INFORMATION SHOWN =
+--
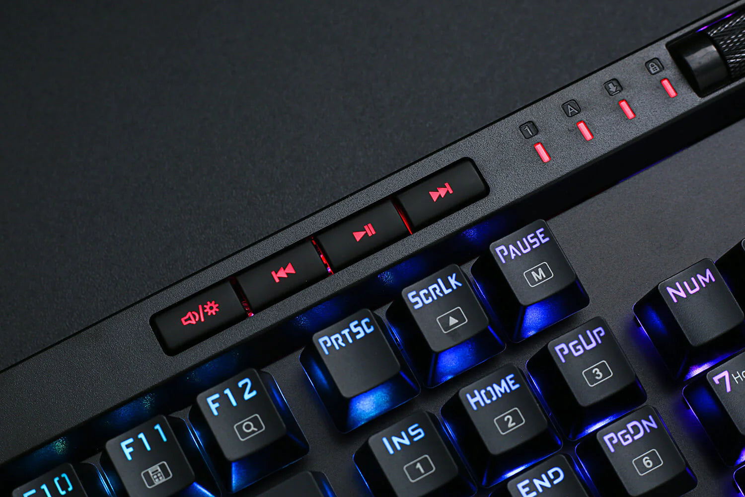 - Dedicated Multimedia Controls: The multimedia controls let you quickly play, pause, skip the music right from the keyboard without interrupting your game. Also, designed with a volume/backlight adjust wheel, it's easy to adjust volume or backlight brightness directly with the wheel in the upper right side of the keyboard. Very convenient and cool looking.
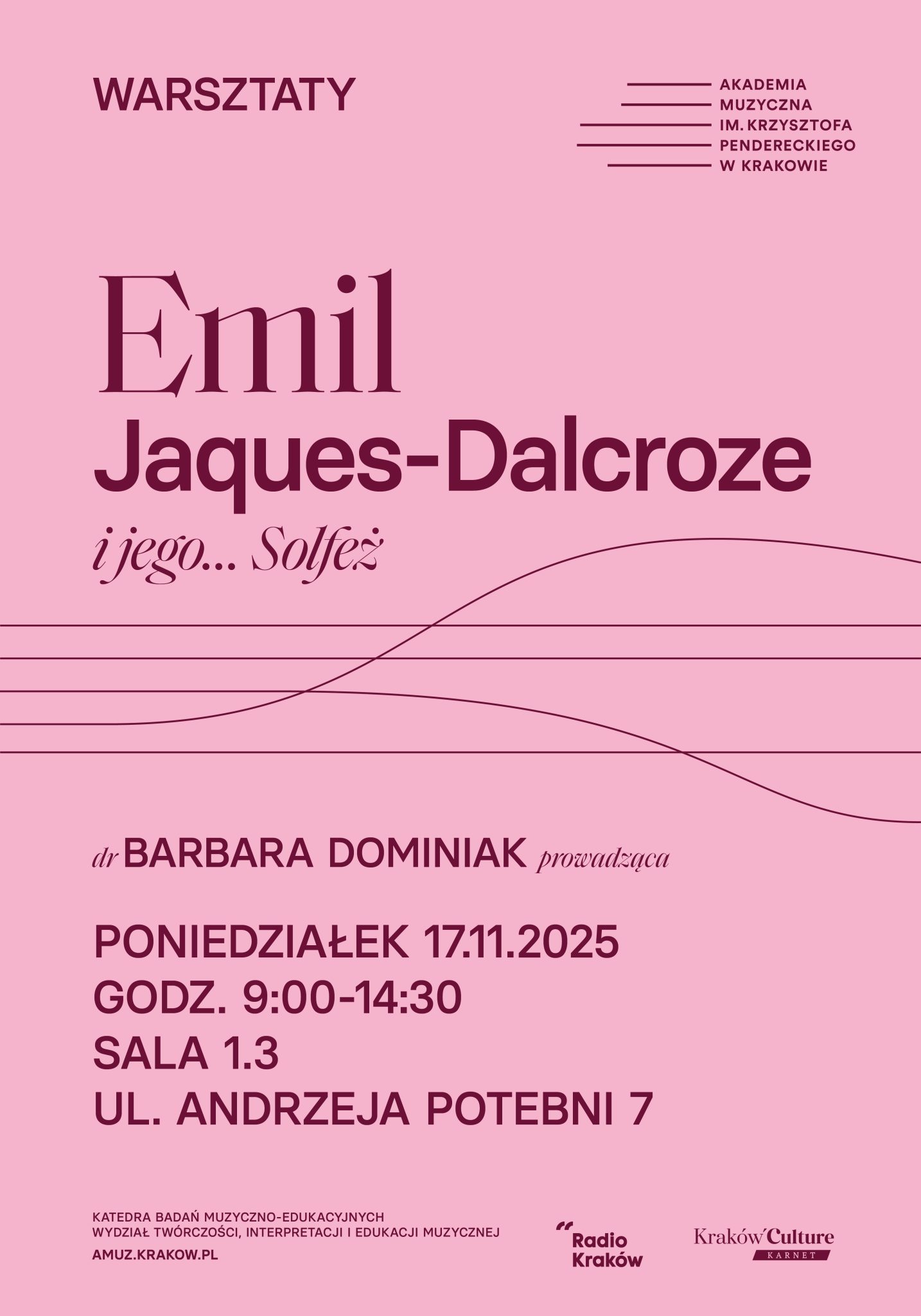 Katedra Badań Muzyczno-Edukacyjnych zaprasza na warsztaty z dr Barbarą Dominiak z Akademii Muzycznej im. Grażyny i Kiejstuta Bacewiczów w Łodzi.
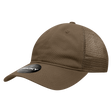 The Women's Relaxed Trucker Cap is a 6-panel baseball cap designed with a smaller fit for women. It features an integrated cotton sweatband, 8 rows of stitching across the pre-curved bill, rear mesh panels for breathability,  and an adjustable plastic snap closure. Made of 100% cotton.
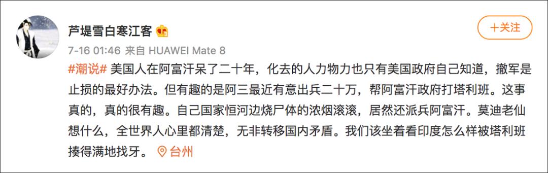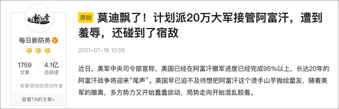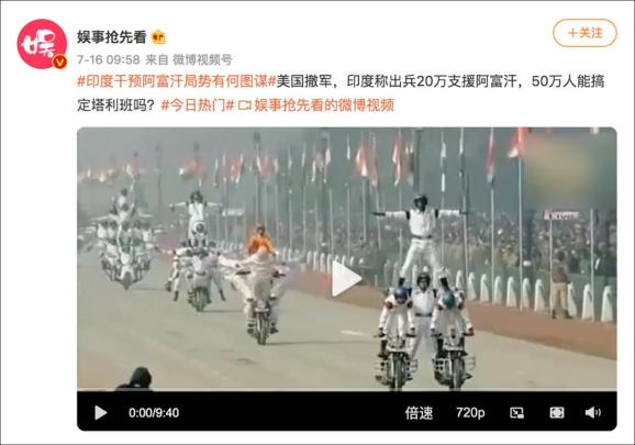 微博、搜狐等平台上大量流传印度欲武装介入阿富汗局势,准备出兵20万进入阿富汗打击塔利班的消息。
+--
Starting with the line that contains "Katedra Badań Muzyczno-Edukacyjnych", reproduce every line down to the end of the listing above, both endpoints included. Pictures stay out.

 Katedra Badań Muzyczno-Edukacyjnych zaprasza na warsztaty z dr Barbarą Dominiak z Akademii Muzycznej im. Grażyny i Kiejstuta Bacewiczów w Łodzi.
 The Women's Relaxed Trucker Cap is a 6-panel baseball cap designed with a smaller fit for women. It features an integrated cotton sweatband, 8 rows of stitching across the pre-curved bill, rear mesh panels for breathability,  and an adjustable plastic snap closure. Made of 100% cotton.
 微博、搜狐等平台上大量流传印度欲武装介入阿富汗局势,准备出兵20万进入阿富汗打击塔利班的消息。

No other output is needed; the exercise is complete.